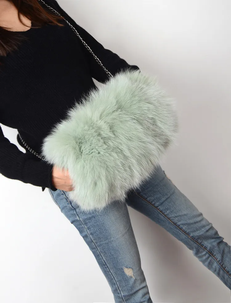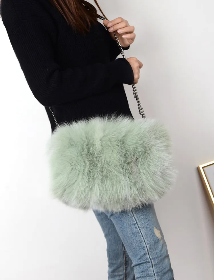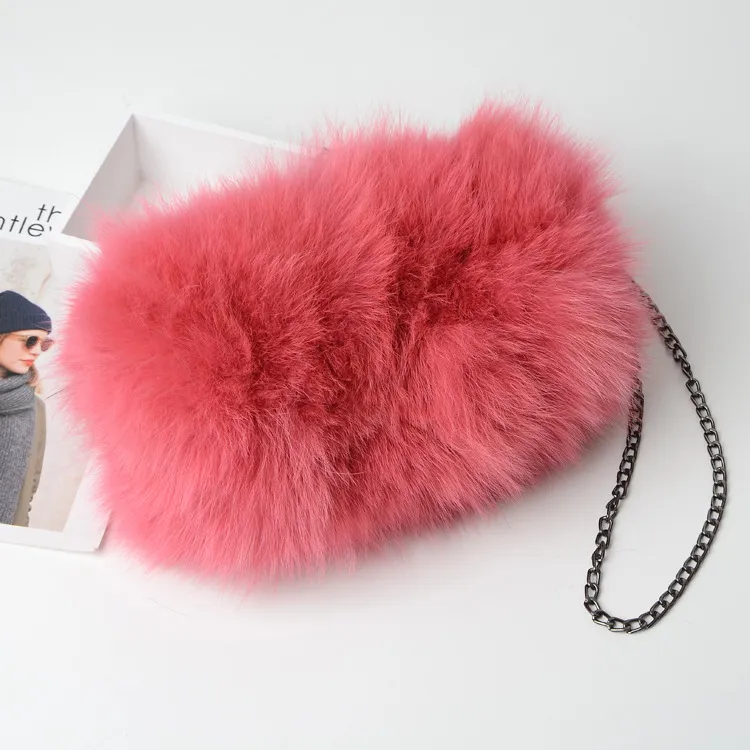 Bolso bandolera con cadena para mujer, de piel de zorro cálida y a la moda.
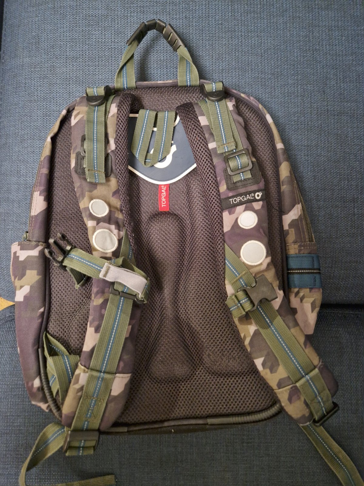 Kvalitna skolska taska Topgal, v dobrom stave bez poskodeni, iba osuchane niektore miesta - primerane pouzivaniu. Vhodna pre 2.-5. triedu, je priestranna, s niekolkymi vacsimi vreckami. S hokejovym...
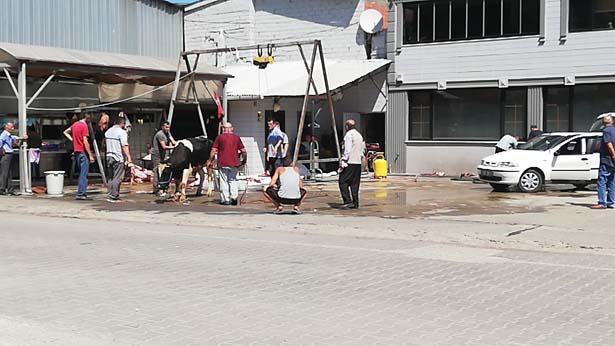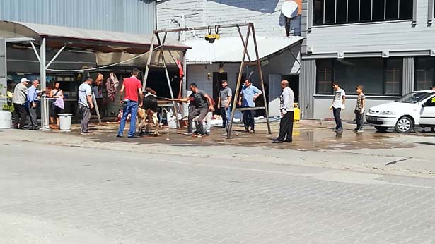 Getirilen bez yardımıyla gözleri bağlanan hayvanın inadı olayı izleyenleri gülümsetti. Hayvanın kuyruğunu tutan kasap ve beraberindekiler, adeta hayvanla birlikte dört döndü. Ayağına ip geçirilen hayvan, düzeneğe çekilerek kesildi.
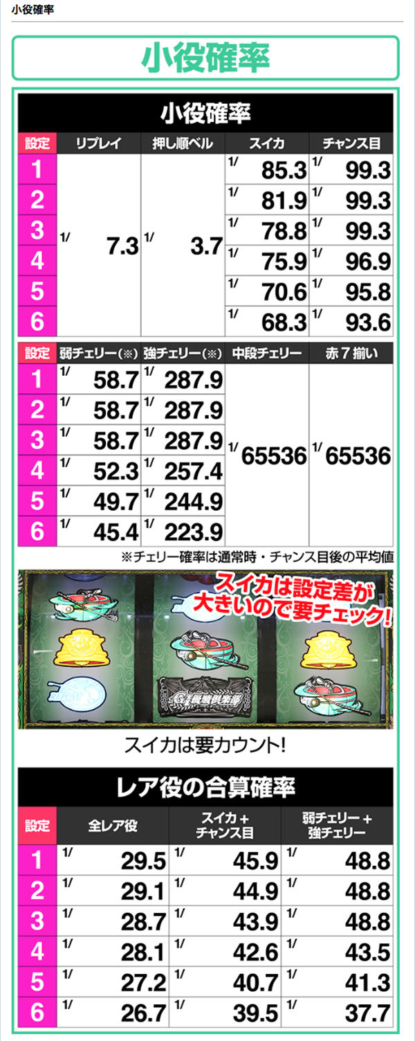 スイカ確率に大きな設定差があるので、しっかりカウントしながら打ち進めていきたい。
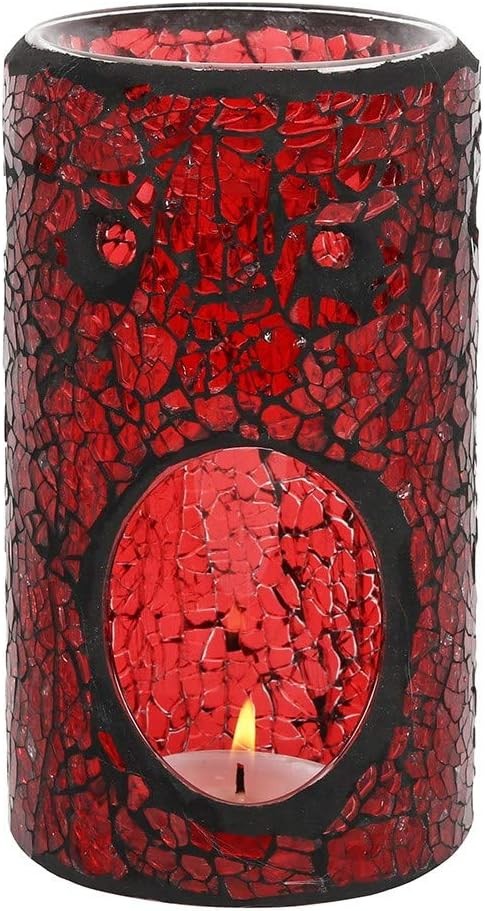 Wax Melt Burner, Red Crackle Glass Design Oil Burner, Round Tea light holder, w

------------------------------------

» Work to be completed: Please reproduce the lines above from the one containing "スイカ確率に大きな設定差があ" through the final line, exactly and inclusively, leaving out each picture.

» Task answer:
 スイカ確率に大きな設定差があるので、しっかりカウントしながら打ち進めていきたい。
 Wax Melt Burner, Red Crackle Glass Design Oil Burner, Round Tea light holder, w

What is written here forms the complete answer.